** TASK INPUTS **
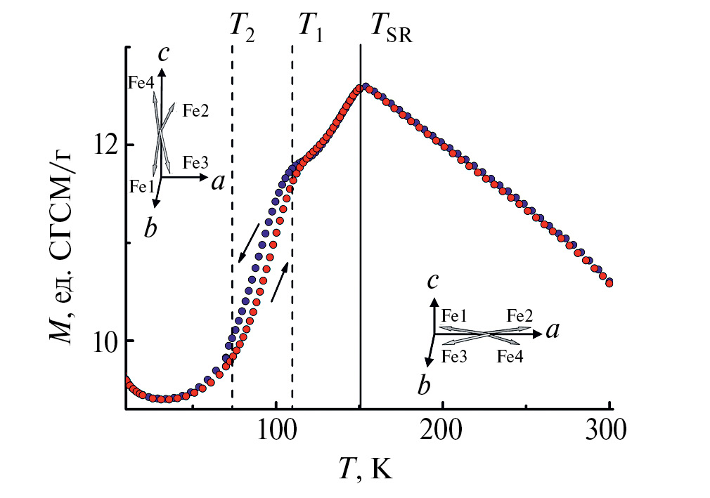 Рис. 1. Температурные зависимости намагниченности наночастиц ε-In0.04Fe1.96O3, измеренные при охлаждении (синие символы) и нагревании (красные символы). Сплошной вертикальной линией обозначена температура спин-переориентационного перехода TSR = 150 К. Пунктирными вертикальными линиями обозначены температуры T1 и T2, соответствующие области метастабильного состояния сосуществования обеих фаз. Стрелками указаны направления изменения температуры. На врезках схематически изображены направления намагниченности каждой из подрешеток железа относительно кристаллографических осей в каждой из фаз
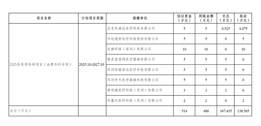 江苏省医学会接受科研项目捐赠资金使用情况公示
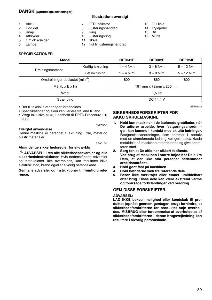 Tilsigtet anvendelse Denne maskine er beregnet til skruning i træ, metal og plasticmaterialer. GEA010-1 Almindelige sikkerhedsregler for el-værktøj ADVARSEL! Læs alle sikkerhedsadvarsler og alle sikkerhedsinstruktioner. Hvis nedenstående advarsler og instruktioner ikke overholdes, kan resultatet blive elektrisk stød, brand og/eller alvorlig personskade. Gem alle advarsler og instruktioner til fremtidig reference.
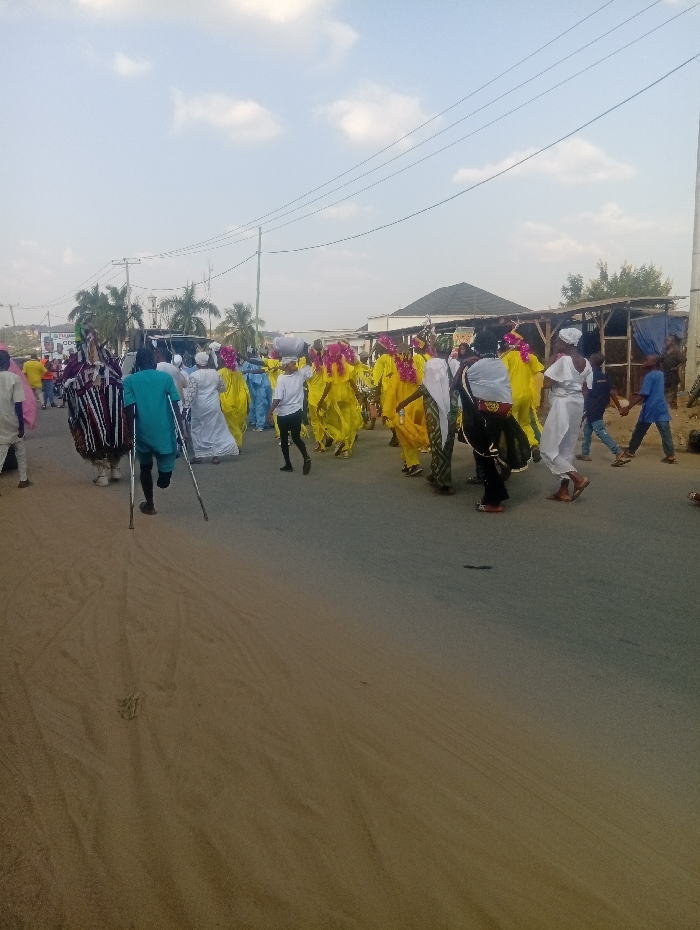 The image depicts an outdoor street scene at Itakpe Junction, Nigeria, under a light blue sky with scattered white clouds. A procession of approximately 20-30 individuals occupies the central and right portions of the frame, moving from left to right. The ground transitions from an unpaved, sandy surface in the foreground to a paved road further into the midground. The largest group of participants, positioned centrally, consists of approximately ten individuals dressed in vibrant yellow, long-sleeved garments, many featuring elaborate pink or red feather-like head adornments. One individual within this group carries a white, rounded object on their head. To the left of this yellow-clad group, a person wearing a teal-colored top and dark trousers walks with a prosthetic left leg and uses two crutches. Further left, a person in a dark and white striped, possibly ceremonial, costume is partially visible. Several other individuals are dressed in white robes or garments, some with head coverings. On the far right, two children in casual attire are walking. In the background, utility poles with multiple overhead power lines are visible against the sky. Various buildings line the street, including structures with dark, angular roofs and what appear to be rudimentary market stalls or shelters on the right. Palm trees are present on the left side of the road, and a distant building with a prominent minaret-like feature is visible on the far left. A billboard with green text is partially visible on the left side of the street. The scene is illuminated by natural daylight.
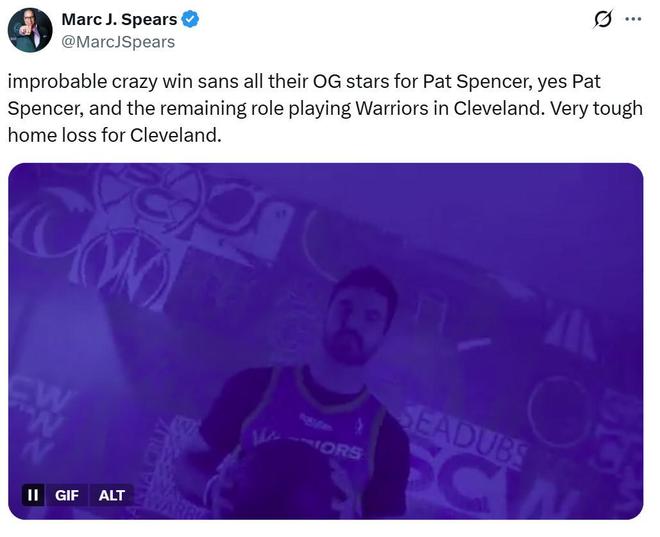 正如名记Marc J. Spears所说,斯宾塞是本场勇士毫无争议的第一功臣,在所有主力老将都未出战的情况下,是他率领一众角色球员从客场送给骑士队一场难以接受的失利。 而这也是斯宾塞获得重用后傲人表现的缩影,过去三场比赛斯宾塞场均可以拿下17.3分3.7篮板5.7助攻1抢断。

** REQUIRED WORK **
Copy nothing but the lines from the top of the data down to the line containing "Tilsigtet anvendelse Denne", and leave the pictures out.

** WRITTEN RESPONSE **
 Рис. 1. Температурные зависимости намагниченности наночастиц ε-In0.04Fe1.96O3, измеренные при охлаждении (синие символы) и нагревании (красные символы). Сплошной вертикальной линией обозначена температура спин-переориентационного перехода TSR = 150 К. Пунктирными вертикальными линиями обозначены температуры T1 и T2, соответствующие области метастабильного состояния сосуществования обеих фаз. Стрелками указаны направления изменения температуры. На врезках схематически изображены направления намагниченности каждой из подрешеток железа относительно кристаллографических осей в каждой из фаз
 江苏省医学会接受科研项目捐赠资金使用情况公示
 Tilsigtet anvendelse Denne maskine er beregnet til skruning i træ, metal og plasticmaterialer. GEA010-1 Almindelige sikkerhedsregler for el-værktøj ADVARSEL! Læs alle sikkerhedsadvarsler og alle sikkerhedsinstruktioner. Hvis nedenstående advarsler og instruktioner ikke overholdes, kan resultatet blive elektrisk stød, brand og/eller alvorlig personskade. Gem alle advarsler og instruktioner til fremtidig reference.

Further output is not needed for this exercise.